Hanno scavato per me una fossa - Perché il dolore, la sofferenza…?: Solo se immerso nella luce della Risurrezione del Cristo, l’uomo può comprendere il fine della sua vita, l’origine e il fine della sofferenza, il significato della morte. Innanzi tutto, i sofferenti sono immagine di Cristo: «Cristo è stato inviato dal Padre “a portare la buona novella ai poveri, a guarire quelli che hanno il cuore ferito” [Lc 4,18], “a cercare e salvare ciò che era perduto” [Lc 9,10]; similmente la Chiesa circonda di amore quanti sono afflitti da infermità umana, anzi nei poveri e nei sofferenti riconosce l’immagine del suo fondatore povero e sofferente. Si premura di sollevarne la miseria, e in loro intende servire Cristo» (LG 8). Proprio perché la sofferenza conforma l’uomo a Cristo, il credente può visualizzare nei sofferenti il volto dell’Uomo dei dolori. Una conformità che dà un immenso valore al dolore e alla sofferenza quando esse sono accettati per Cristo, con Cristo e a favore del suo Corpo che è la Chiesa (cfr. Col 1,24). «Ricordino tutti che, con il culto pubblico e l’orazione, con la penitenza e la spontanea accettazione delle fatiche e delle pene della vita, con cui si conformano a Cristo sofferente (cfr. 2Cor 4,10; Col 1,24), essi possono raggiungere tutti gli uomini e contribuire alla salvezza di tutto il mondo» (AA 17). E l’apostolato della sofferenza è ben ripagato, così come ci ricorda san Paolo: «le sofferenze del momento presente non sono paragonabili alla gloria futura che dovrà essere rivelata in noi» (Rom 8,18). Tale insegnamento si è sempre prolungato nel mirabile magistero della Chiesa: «Convinti che “le sofferenze del tempo presente non sono adeguate alla gloria futura che si manifesterà in noi” [Rom 8,18], forti nella fede, aspettiamo “la beata speranza e l’avvento glorioso del nostro grande Dio e salvatore Gesù Cristo” [Tt 2,13], “che trasformerà il nostro misero corpo, per conformarlo al suo corpo glorioso” [Fil 3,21]; egli verrà “per essere glorificato nei suoi santi e ammirato da coloro che avevano creduto in lui” [2Ts 1,10]» (LG 48). Dunque, solo alla luce della rivelazione cristiana la sofferenza acquista «una qualità e una risonanza del tutto diverse» e «interiormente trasformata, prende un senso nuovo» (Yves de Monteheuil).

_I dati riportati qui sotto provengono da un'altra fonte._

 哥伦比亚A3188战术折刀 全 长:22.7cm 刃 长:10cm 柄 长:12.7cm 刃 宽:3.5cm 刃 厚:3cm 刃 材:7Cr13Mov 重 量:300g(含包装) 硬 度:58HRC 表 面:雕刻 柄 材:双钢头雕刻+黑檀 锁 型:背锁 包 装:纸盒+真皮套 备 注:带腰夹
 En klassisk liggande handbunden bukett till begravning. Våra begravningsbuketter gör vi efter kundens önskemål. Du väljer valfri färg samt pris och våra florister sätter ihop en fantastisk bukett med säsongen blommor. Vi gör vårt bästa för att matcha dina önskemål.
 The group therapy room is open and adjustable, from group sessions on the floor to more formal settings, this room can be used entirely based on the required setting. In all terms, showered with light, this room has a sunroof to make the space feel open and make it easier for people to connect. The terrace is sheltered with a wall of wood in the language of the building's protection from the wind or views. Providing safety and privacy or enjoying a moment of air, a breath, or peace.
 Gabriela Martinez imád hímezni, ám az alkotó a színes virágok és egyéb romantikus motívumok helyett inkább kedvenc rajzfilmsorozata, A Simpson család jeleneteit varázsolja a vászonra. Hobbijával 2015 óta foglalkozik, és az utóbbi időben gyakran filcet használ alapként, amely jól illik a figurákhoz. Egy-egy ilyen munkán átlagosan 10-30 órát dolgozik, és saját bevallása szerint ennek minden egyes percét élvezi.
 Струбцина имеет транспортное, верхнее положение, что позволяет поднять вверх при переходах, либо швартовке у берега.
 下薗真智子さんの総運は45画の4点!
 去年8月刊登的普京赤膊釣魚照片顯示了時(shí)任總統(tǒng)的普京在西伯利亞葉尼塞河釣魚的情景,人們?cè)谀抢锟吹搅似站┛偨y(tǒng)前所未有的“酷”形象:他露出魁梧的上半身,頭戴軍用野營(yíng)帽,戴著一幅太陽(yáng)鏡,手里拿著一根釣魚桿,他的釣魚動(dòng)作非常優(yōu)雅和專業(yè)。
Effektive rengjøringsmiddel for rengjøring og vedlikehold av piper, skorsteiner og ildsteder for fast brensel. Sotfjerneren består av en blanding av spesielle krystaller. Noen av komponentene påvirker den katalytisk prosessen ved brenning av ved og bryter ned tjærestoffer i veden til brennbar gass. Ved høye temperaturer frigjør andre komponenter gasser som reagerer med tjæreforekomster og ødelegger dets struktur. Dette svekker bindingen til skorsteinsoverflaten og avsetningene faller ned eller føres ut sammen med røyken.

Diversamente il cuore dell’uomo si consuma nelle paludi della disperazione.
 
Ama l’umiltà e avrai gloria!: “Se ti ricordi che Cristo dice che si perde la mercede innanzi a Dio, quando uno va cercando onore presso gli uomini e fa il bene per essere visto dagli uomini, metti tanta accortezza a non essere onorato dagli uomini, quanta ne mettono gli altri per averne gloria. “Hanno ricevuto la loro mercede” [Mt 6,2], dice il Signore. Perciò non ti far danno da te stesso, andando dietro alla gloria degli uomini. Dio è un grande osservatore; cerca di aver gloria presso Dio, Dio distribuisce splendide ricompense. Hai forse raggiunto una gran rinomanza, ti stimano, ti onorano, ti cercano? Cerca di diportarti come un suddito “Non come chi esercita un potere sugli altri” [1Pt 5,3] e non seguir l’esempio dei principi mondani. Il Signore ha comandato che, chi vuol essere il primo, deve essere servo di tutti [cfr. Mc 10,44]. In una sola parola: pratica l’umiltà, come conviene a chi la ama. Amala e avrai gloria. Questo è il cammino verso la vera gloria, che si ha tra gli angeli, innanzi a Dio. Cristo ti dichiarerà suo discepolo innanzi agli angeli [cfr. Lc 12,8] e ti darà gloria, se imiterai la sua umiltà; egli, infatti, disse: “Imparate da me, che sono mite e umile di cuore e troverete pace per le vostre anime” [Mt 11,29]» (Basilio di Cesarea, Hom. de humilit., 7).
 
Il Santo del giorno: 28 Febbraio 2024 - Beato Daniele Alessio Brottier, Sacerdote: Nato nel 1876 a La Ferté-Saint Cyr entrò in Seminario nel 1890 e divenne prete nel 1899. Nel 1902 entrò come novizio nella congregazione dello Spirito Santo ad Orly, l’anno seguente emise i voti religiosi e partì quasi subito per il Senegal, allora colonia francese , ma rientrò dopo soli tre anni per motivi di salute. Ripresosi tornò nuovamente nel paese africano, ma i problemi di salute lo costrinsero a tornare definitivamente in patria. Allora, in Francia, fondò l’opera «Souvenir Africain», allo scopo di costruire la cattedrale di Dakar. Cappellano militare nella Prima Guerra mondiale, fondò l’Unione nazionale combattenti e l’Opera degli orfani apprendisti. Morì nel 1936.
 
Signore Dio nostro, questo sacramento,
che ci hai donato come pegno di vita immortale,
sia per noi sorgente inesauribile
di salvezza eterna.
Per Cristo nostro Signore.

ORAZIONE SUL POPOLO ad libitum

Concedi ai tuoi figli, o Padre,
l’abbondanza della tua grazia,
dona loro la salute del corpo e dello spirito,
la pienezza della carità fraterna
e la gioia di esserti sempre fedeli.
Per Cristo nostro Signore.
 
 27 Febbraio 2024
 
Martedì I Settima di Quaresima
 
Is 1,10.16-20; Salmo Responsoriale Dal Salmo 49 (50); Mt 23,1-12
 
Colletta
Custodisci con continua benevolenza, o Padre, la tua Chiesa
e poiché, a causa della debolezza umana,
non può sostenersi senza di te,
il tuo aiuto la liberi sempre da ogni pericolo
e la guidi alla salvezza eterna.
Per il nostro Signore Gesù Cristo.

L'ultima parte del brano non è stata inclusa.